Такой вот я дурак. Грег запнулся и выпалил:

– Предлагаю принять Вайоминг Нотт.

А я и точно дурак. У меня общий язык только с техникой. А в людях я ни в зуб копытом. Когда стану старшим мужем, ежели доживу, думаю поступить точно так же, как Дед с Мамой: доверю Сидре, пусть берет на себя. Вот именно. А то сами посудите: ведь Ваечка приняла Грегову веру. Грег мне нравится, я его люблю. Обожаю. Но как ни пропускай его теологию через компьютер, на выходе будет нуль. И Ваечка наверняка это знала, поскольку присоединилась взрослым человеком. Так вот я, гад буду, считал Ваечкино обращение доказательством, что она на всё готова ради нашего дела.

Но Грега-то она завербовала много раньше. И большая часть ее вылазок была именно к нему, ей легче было разъезжать, чем мне и профу. Вот так. А я дивлюсь. Чему дивиться-то?

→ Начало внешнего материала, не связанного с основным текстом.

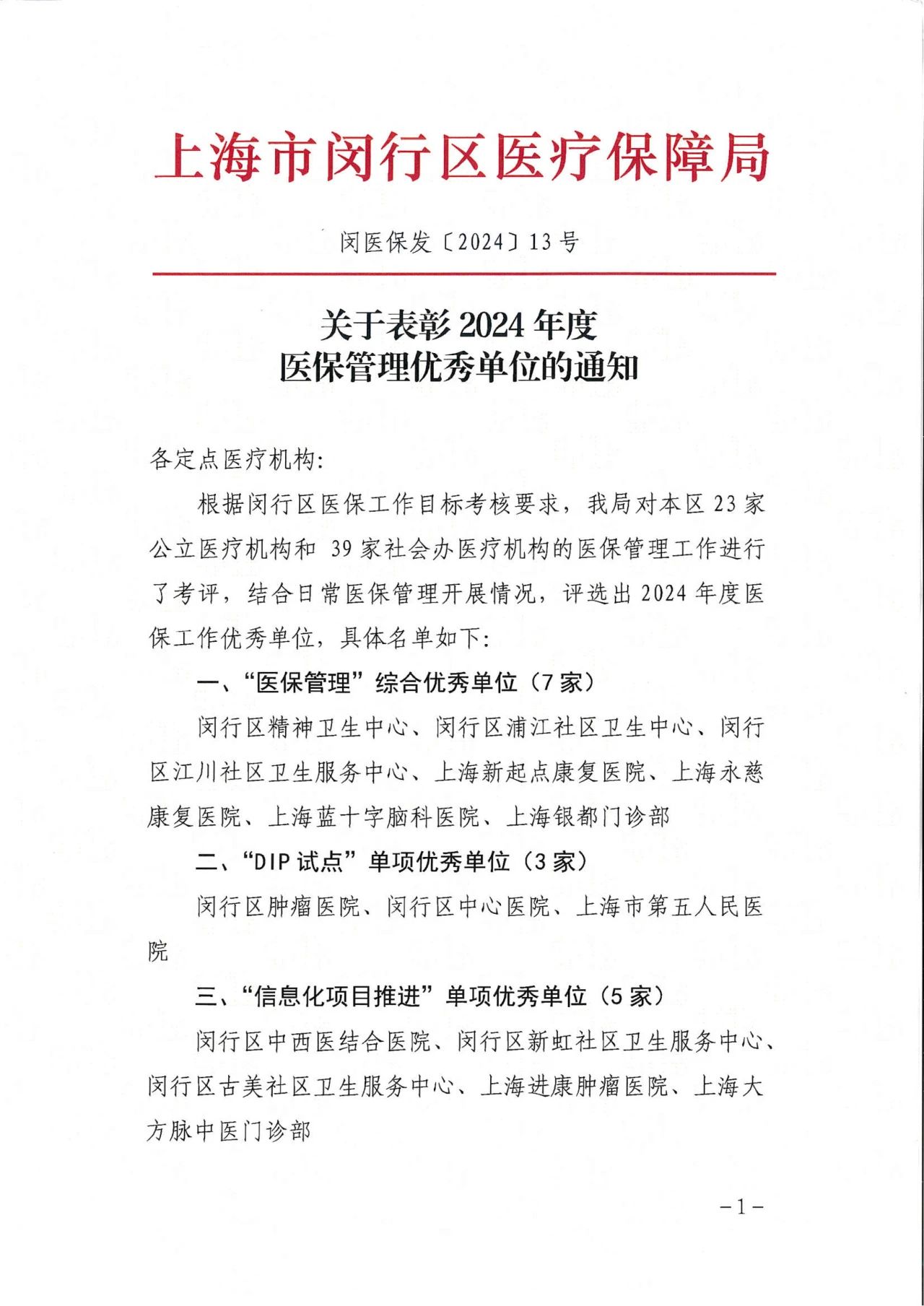 12月27日,上海市閔行區(qū)醫(yī)療保障局對2024年度醫(yī)保管理優(yōu)秀單位予以通報表彰。據(jù)閔行區(qū)醫(yī)療保障局《關(guān)于表彰 2024年度醫(yī)保管理優(yōu)秀單位的通知》(閔醫(yī)保發(fā)【2024】13號),區(qū)醫(yī)保局根據(jù)醫(yī)保工作目標(biāo)考核要求,對閔行區(qū)23家公立醫(yī)療機(jī)構(gòu)和39家社會辦醫(yī)療機(jī)構(gòu)的醫(yī)保管理工作進(jìn)行了考評,結(jié)合日常醫(yī)保管理開展情況,最終評選出2024年度醫(yī)保工作優(yōu)秀單位。經(jīng)考評,上海藍(lán)十字腦科醫(yī)院與閔行區(qū)精神衛(wèi)生中心等7家單位,獲評“醫(yī)保管理”綜合優(yōu)秀單位榮譽稱號。

– Грег, есть ли у тебя основания считать, что Вайоминг примет наше предложение? – спросила Мама.

– Да.

– Очхорошо. Мы все знаем Вайоминг. Уверена, что у каждого сложилось мнение о ней. Не вижу поводов для обсуждения. Но, может быть, кто-нибудь хочет высказаться? Пожалуйста.

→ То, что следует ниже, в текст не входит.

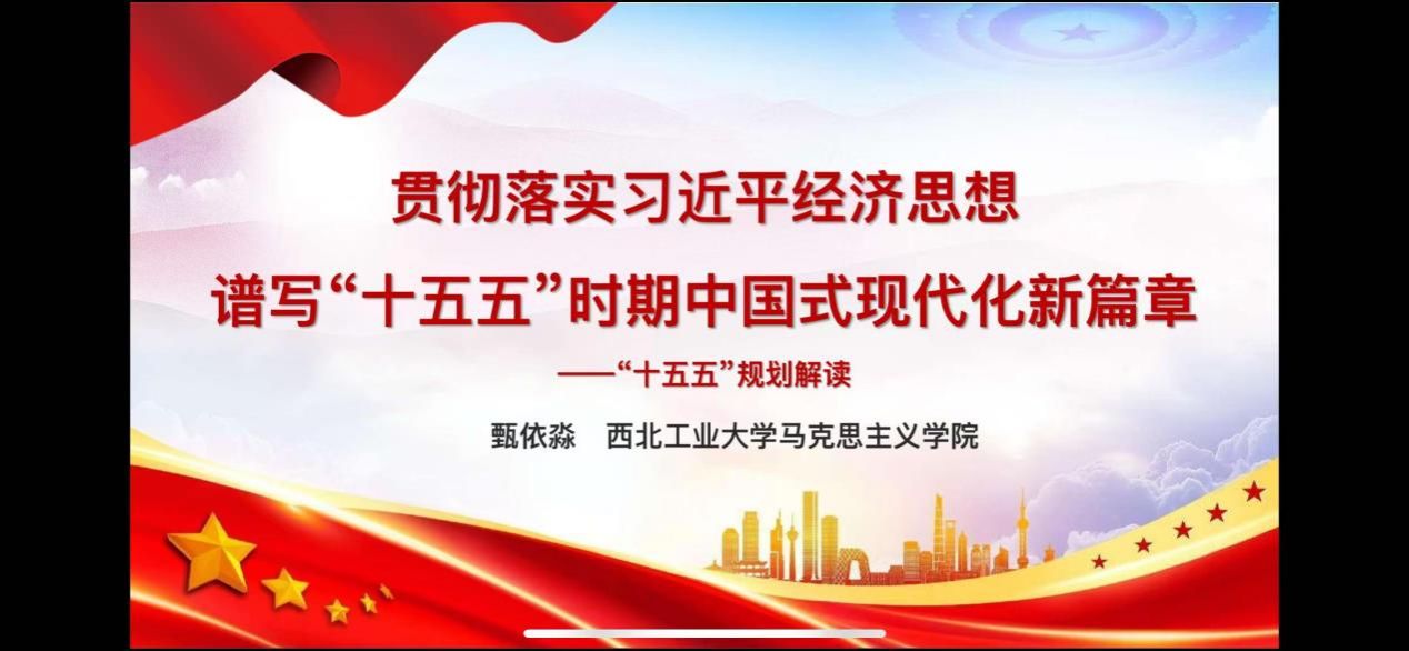 首先,西北工业大学博士生甄依淼同学以《贯彻落实习近平经济思想 谱写“十五五”时期中国式现代化新篇章》为题进行分享。她引导同学们深入领会党的二十届四中全会重要意义,深刻领会和把握“十五五”内涵意蕴,并从“十四五”规划完成情况、国内外形势和中国式现代化任务、“十五五”规划主要内容、“十五五”规划亮点特点四个部分展开介绍。尤其第四部分,多角度分析了加快构建高水平社会主义市场经济体制,推动高质量发展的作用维度。

Гляжу, Мама не дивится. И не собирается. И никто не собирается, потому что Мама ни за что не собрала бы хурал, если бы не была уверена в результате.

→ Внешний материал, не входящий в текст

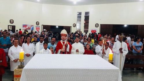 Às 10h Dom Luís chegou a Comunidade Santíssima Trindade, na ocasião presidiu a Santa Missa e abençoou a Capela.

Но странно было, почему Мама так уверена в моем одобрении, настолько уверена, что заранее даже не прощупала почву? Сижу в полном раздрипе, понимая, что говорить придется, понимая, что знаю кое-что дико важное, чего никто больше не знает, иначе не зашло бы так далеко. Что-то такое, что мне-то до фени, но ох как не до фени для Мамы и всех наших женщин.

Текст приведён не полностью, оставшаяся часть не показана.